各国代表が集まる国際サミットにて、事件は発生した。
「・・・故に、国際社会の連携が必要で──」
コツ、コツ、コツ。
背後から聞こえてきた足音に、スピーチをしていた日本の首相が振り返る。
そこには、真っ黒なドレスを着た美女が立っていた。
「な、なんだね君「ちょっと失礼」
女が首相の肩に触れた瞬間、体がねじれ、地面に崩れ落ちる。
「きゃあぁぁぁぁ!」
会場から悲鳴が上がる。
警備のヒーロー達が女を取り押さえようとするも、体が動かない。
なぜなら既に下半身が大きく歪み、同じく歪み始めた会場の床と絡み合っていたからだ。
「えー、会場の皆様。そして中継を見ている全世界の皆様。はじめまして、わたしはアルティステという者です」
混乱する会場をよそに、女はテレビカメラに向かってスピーチを始める。
「わたしは『黒いドレスの女』としても知られていますね。人間を素材として──」
床に転がっている首相に手で触れると、その体がめちゃくちゃに歪んで変形し、箪笥のような形になった。
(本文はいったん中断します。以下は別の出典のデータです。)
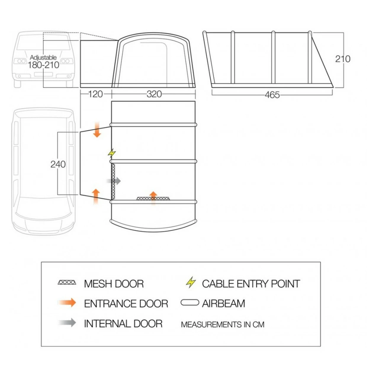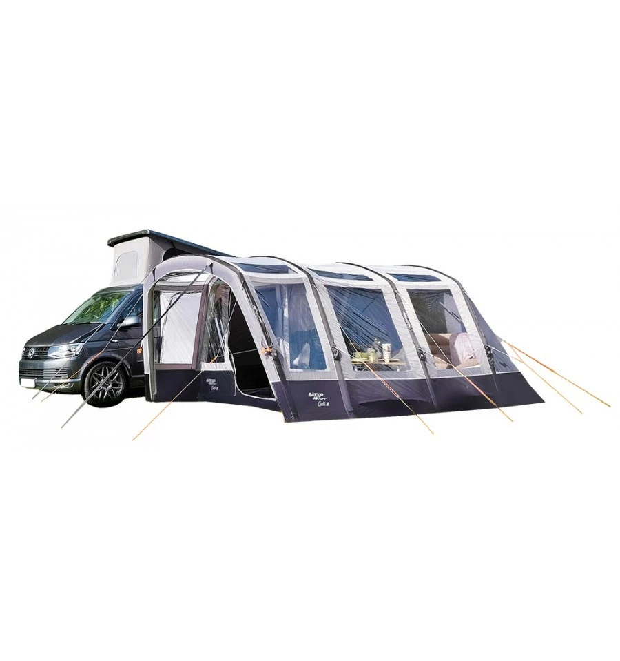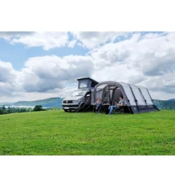 Das Vango Galli III Air Low Busvorzelt ist ein freistehendes Buszelt, was längs zum Fahrzeug steht. Durch die einzeln aufzupumpenden AirBeam Luftkanäle steht das Zelt in wenigen Sekunden. Das Sentinel Pro 420 Material ist ein Doppelripstop-Polyester, was sehr robust und reißfest ist, so dass die Lebensdauer des Galli III Air Low deutlich verlängert wird.
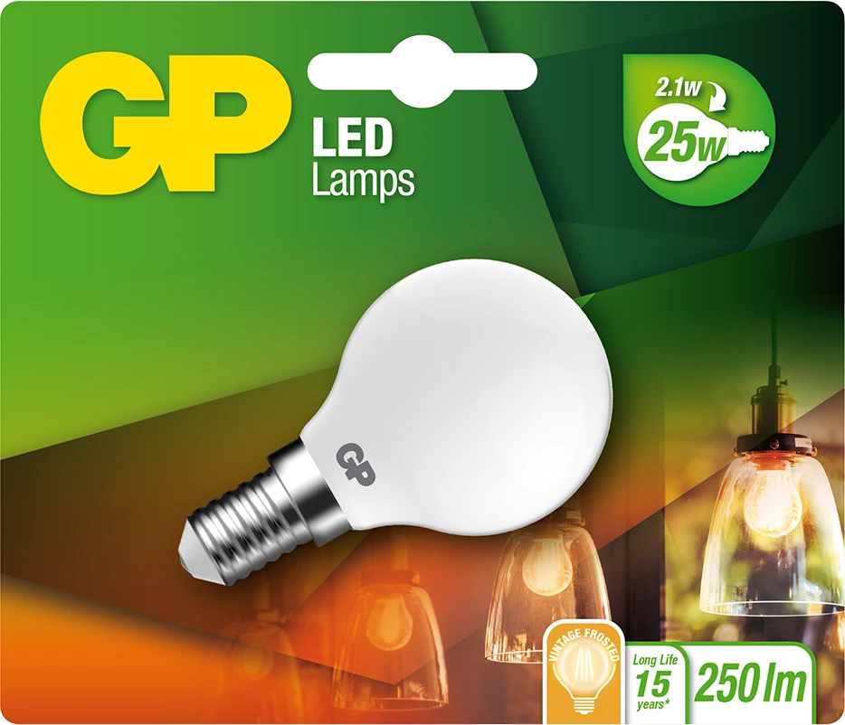 GP lampadina LED a filamento mini globo, E14, 2.1W (25W), 250lm, 080435-LDCE1

「──こんな作品を作っています。わたしたちは“cool”な作品を求めて活動する団体、AWCYです」
建物の歪みが大きくなり、全体がねじれ始める。
「わたしが会長を務めるAWCYは、“cool”を求める方であればどなたでも大歓迎です」
もはや人としての原型をとどめていない会場の人々から、うめき声が上がる。
変形を続ける会場に取り込まれ、ひとかたまりにされていく。
「今回の作品は、わたしが作った物の中でも最大級の大きさです。皆様、ぜひご覧ください」
カメラも歪み始め、音声しか聞こえなくなる。
「では、わたしはこのへんで。Are We Cool Yet?」
AWCY・・・アルティステが初代会長にして創始者。coolな作品のためには法律は無視。元ネタは「要注意団体 AWCY』で検索すれば出る
個性『変形』自分の触れたものを自由に変形させる。『伝播する変形』の域に到達しているが、自分から離れるほど変形の細かいコントロールができなくなる。
『潜影』影に潜り、他の影に自由にワープできる。ただし影 に潜るときは体の6割以上が他者の視界から外れていなければならない。オール・フォー・ワンからもらった個性。